YOUR TASK: In the records that follow, find each line with the word "Airport" and copy it.
•••
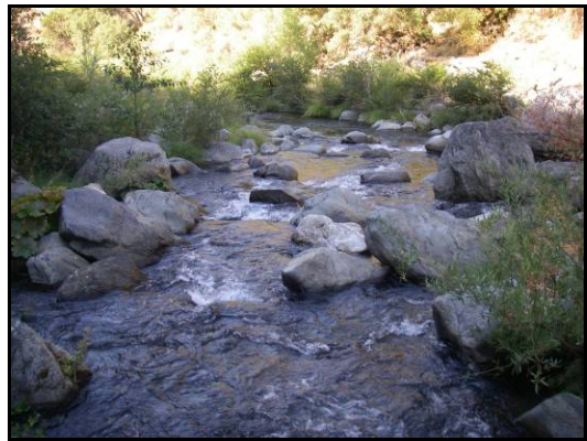
Habitat Mapping Unit 8 –High Gradient Riffle
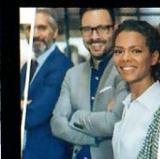
Airport Transfers (Corp & Employee Transportation)
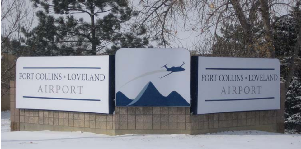
New Airport entrance signs welcome travelers and pilots alike.
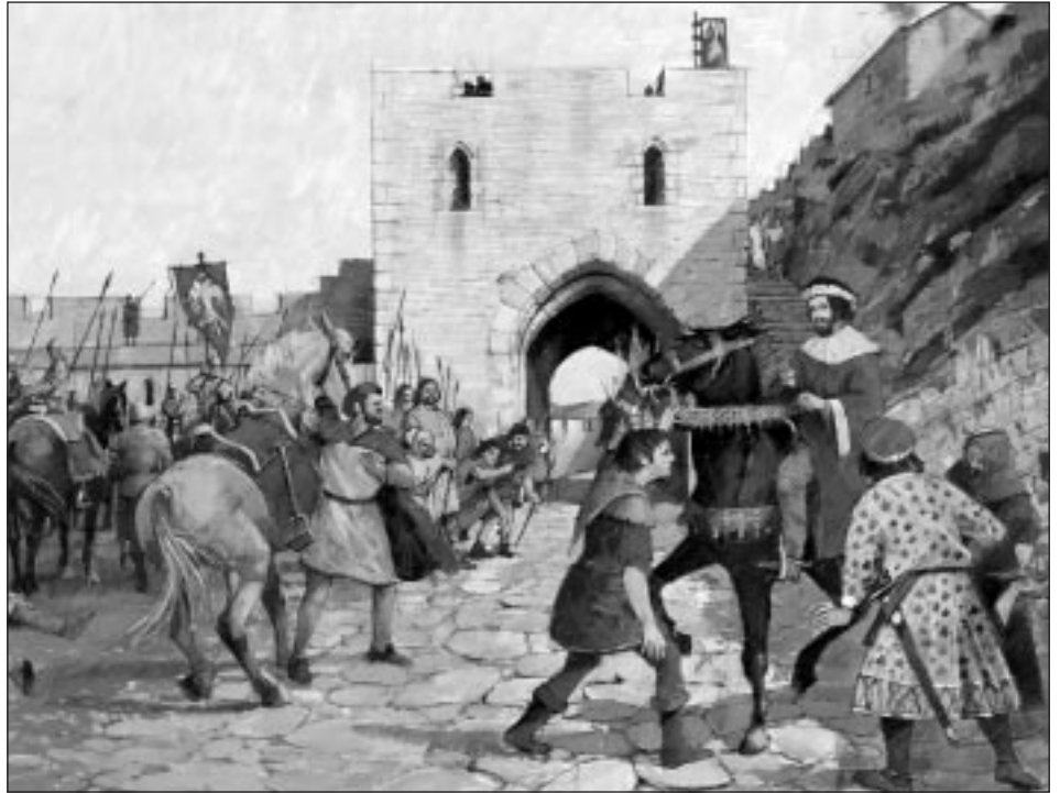
Reconstruction drawing of the gateway and Mainland Courtyard of the Medieval castle.

Pupils could be asked to concentrate on the natural environment of Tintagel Castle and provide words that describe the physical location. They can be guided to different themes – coastal features (rocky, crags, stacks, inlet, sea, cave, waves, sand), wildlife (birds, flowers, grasses) and the weather (sky, sunny, bright, dull, rain, windy).
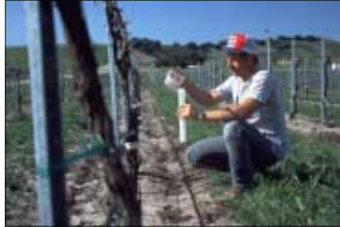
Mobile lab irrigation evaluation

The objectives of the Irrigation Water Management Program are to conserve water and energy in Santa Barbara County. This is accomplished through the implementation of Best Management Practices (BMPs) for operating and maintaining agricultural irrigation systems. Staff from the Cachuma Resources Conservation District (CRCD) provides irrigation system evaluations to local agricultural water users to help implement the BMPs. The CRCD manages the Mobile Irrigation Lab, which travels to the site to be evaluated. As part of the evaluation CRCD staff analyzes the Distribution Uniformity of the sprinklers; provides an estimate of seasonal evapotranspiration, effective rainfall, leaching and irrigation water requirements; tests pump-
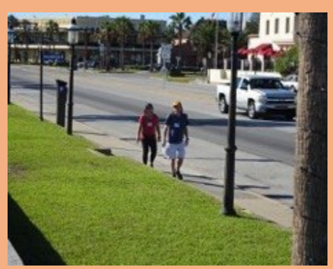
Lion's Bridge Walk
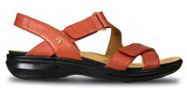
NEW Ruby Metallic (Medium Width Only)
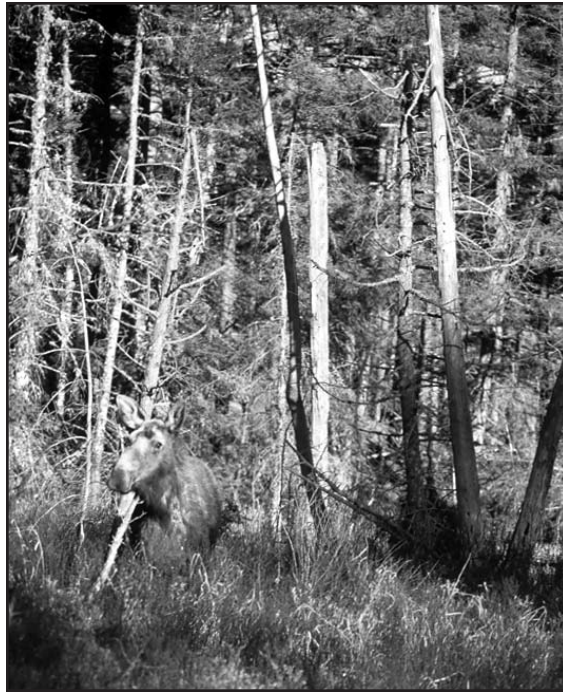
What's that? The Baxter moose in this picture blended so well into the background she was almost missed by the photographer.

The day before the storm, we took a hike and ran into a kindred spirit on the trail. He had his camera in hand and was looking for a moose to photograph. He said he hadn't seen one yet so we chatted a bit on the trail and then went off in different directions. Soon after leaving him, we saw a cow and her calf at Elbow Pond. Too bad he missed this, I thought, as we watched the cow plucking her dinner from the bottom of the pond.
•••
TASK RESPONSE:
Airport Transfers (Corp & Employee Transportation)
New Airport entrance signs welcome travelers and pilots alike.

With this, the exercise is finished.